Climate Alliance is a European network of cities, towns and counties founded in 1990 committed to the protection of the world's climate. The European Secretariat of Climate Alliance is based in Frankfurt am Main, Germany and in Brussels, Belgium. Climate Alliance has members in Austria, Belarus, Belgium, Bulgaria, Croatia, Czech Republic, Denmark, Finland,d, France, Georgia, Germany, Hungary, Ireland, Italy, Luxembourg, North Macedonia, Netherlands, Peru, Poland, Portugal, Romania, Slovakia, Slovenia, Spain, Sweden, Switzerland and Ukraine.

Purpose and aims
The nearly 2,000 members from more than 25 European countries aim to reduce greenhouse gas emissions at their source. Their allies are the indigenous peoples of the rainforests.

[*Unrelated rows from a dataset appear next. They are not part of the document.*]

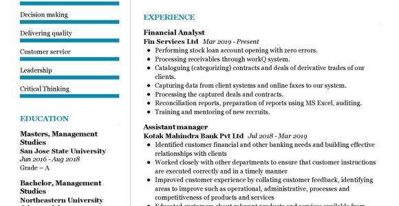 Sample Resume Financial Analyst for A Banking
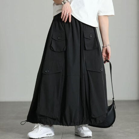 魅せる黒☆裾ドロストビッグポケットスカート贅沢に生地を使用した立体感のあるボリュームシルエットでぽっこりお腹・脚のライン&ヒップをまるッとお洒落にカバー◎裾のドロストを調整するだけで今人気のバルーンシルエットに早変わり!他にはないビッグポケットデザインでモードな印象に◎シンプルな黒なのでどんなトップスとも合わせやすくコーデに取り入れやすい♪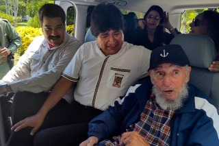El líder de la revolución cubana y el presidente de Venezuela sorprendieron hoy en su hotel donde se hospeda en la capital cubana al mandatario boliviano, al buscarlo para dirigirse juntos en una combi a la celebración del 89no cumpleaños del ex jefe de Estado.

The indigenous partners are represented by COICA, the Coordination of Indigenous Organisations of the nine neighbouring countries of the Amazon Basin.

By joining Climate Alliance, cities and municipalities embrace the association's goals:

 To strive for a 95 percent reduction in greenhouse gas emissions by 2050 compared to 1990 levels, in line with IPCC recommendations.
 To implement effective and comprehensive climate action in accordance with Climate Alliance principles.
 To promote climate justice together with indigenous peoples by supporting their rights, protecting biodiversity and abstaining from the use of unsustainably managed timber.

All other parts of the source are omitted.